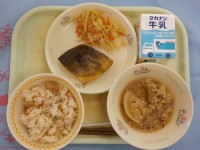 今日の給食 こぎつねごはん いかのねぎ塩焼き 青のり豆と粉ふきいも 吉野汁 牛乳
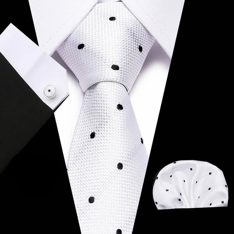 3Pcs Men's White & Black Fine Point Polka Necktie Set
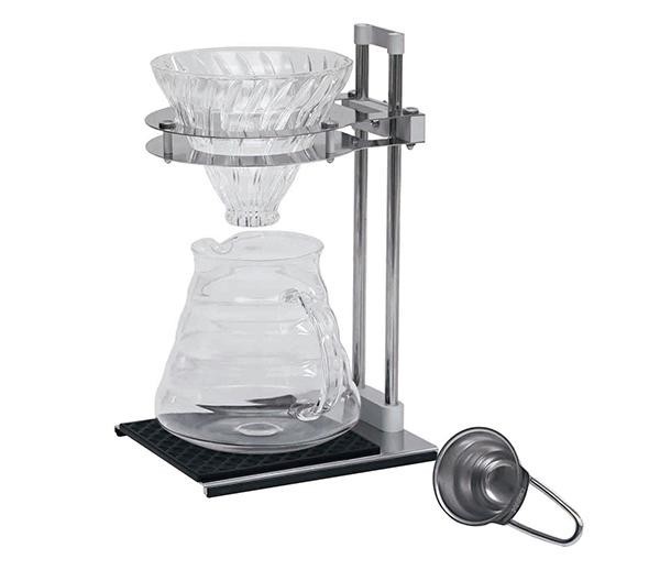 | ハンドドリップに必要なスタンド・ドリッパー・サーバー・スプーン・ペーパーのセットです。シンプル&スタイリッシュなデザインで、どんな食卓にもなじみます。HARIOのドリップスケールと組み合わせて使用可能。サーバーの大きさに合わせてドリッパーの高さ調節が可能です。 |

» **Exercise directions**: Nothing but the lines from the line with "3Pcs Men's White" through the end of the listing should appear in the answer, each duplicated exactly, without pictures.

» **Problem solution**:
 3Pcs Men's White & Black Fine Point Polka Necktie Set
 | ハンドドリップに必要なスタンド・ドリッパー・サーバー・スプーン・ペーパーのセットです。シンプル&スタイリッシュなデザインで、どんな食卓にもなじみます。HARIOのドリップスケールと組み合わせて使用可能。サーバーの大きさに合わせてドリッパーの高さ調節が可能です。 |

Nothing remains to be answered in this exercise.